No sooner had my last comment on the topic of Green, Gold (aka Brass) and Platinum hit cyberspace than Peter Suber comes up with yet another bit of misleading information, this time from Jan Velterop, who, in his own Weblog, notes:
Applied to OA, ‘green’ and ‘gold’ are qualifiers of a different order. ‘Gold’ is straightforward: you pay for the service of being published in a peer-reviewed journal and your article is unambiguously Open Access. ‘Green’, however, is little more than an indulgence allowed by the publisher. This, for most publishers at least, is fine, as long as it doesn’t undermine their capability to make money with the work they do. But a 'green' policy is reversible.
Of course, Velterop is entirely right that the Green route of open archiving is dependent, at present, on the 'indulgence' of the publishers - I have suggested elsewhere that open archiving can only be a temporary approach to open access, since either the publishers may withdraw their permissions, or what I have called the Platinum Route, or, possibly more likely, some alternative process of scholarly communication will come to dominate.

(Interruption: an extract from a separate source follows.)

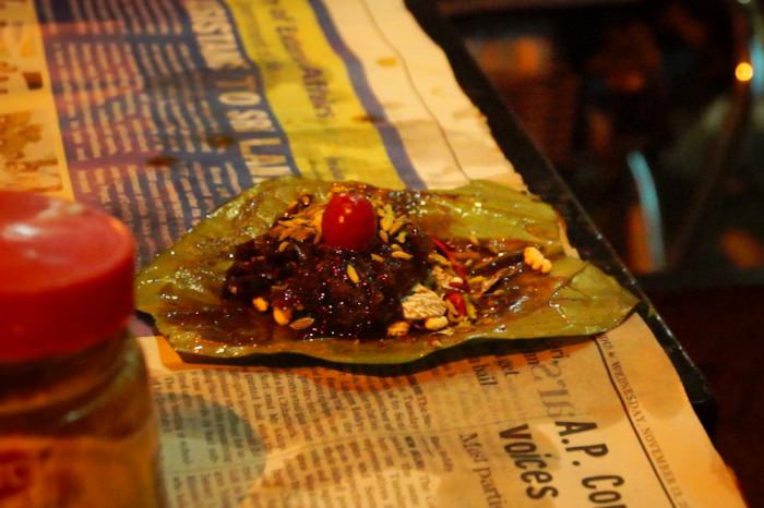 After the dinner, for the first time ever we tried Paan, which is betel nut wrapped in edible paan leaf alongside with mixture of spices and other "stuff". There are 2 types - sweet and with tobacco. Paan wallah (person who makes them), on question "is this sweet?" answered - "yes, see - tutti-frutti" and added some candy-like thingies. Watching whole making process was like a theater - so many ingredients and in the end - cherry on top. Cost - 15 rupees each. This was the sweetest thing I've ever tasted - like a sugar explosion in my mouth. You are supposed to chew it for quite a time. Too sweet. But I will definitely try it again.
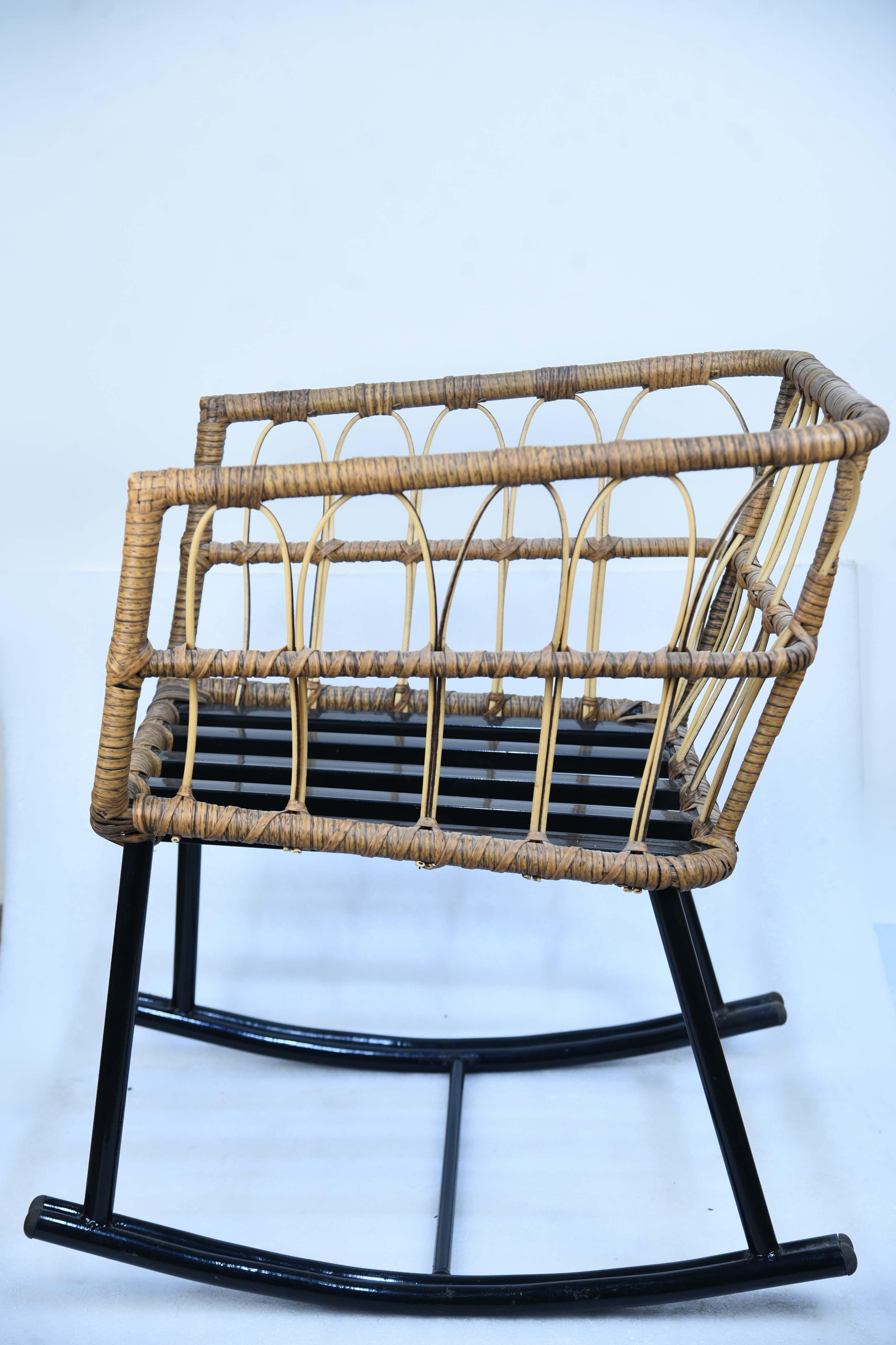 The Rocking Natura Rocking Chair is a unique piece of furniture, designed to provide maximum comfort and relaxation with a natural aesthetic. Its design combines the rustic beauty of handwoven fabrics with the strength of a metal frame. The seat and backrest feature an elegant basket weave made of straw or rattan in a warm natural color, adding a touch of rustic elegance to any space. The base is made of sturdy black metal with a rocking design, ensuring quiet, comfortable movement that helps you relax and enjoy your time. Materials:

However, Velterop conveys the same mis-information about the Gold (Brass) route as I drew attention to in that earlier post: the statement that it involves paying the publisher to open up access. This is true for commercial publishers, but not for those journals, like Information Research, that are published freely on the basis of subsidy and collaborative effort.
I can see that I am going to have to keep on plugging away at this distinction for as long as the notion of 'Gold' is used ambiguously for all OA journals, whether they author charge or not. Let's get into the entirely sensible habit of referring to Platinum for the latter.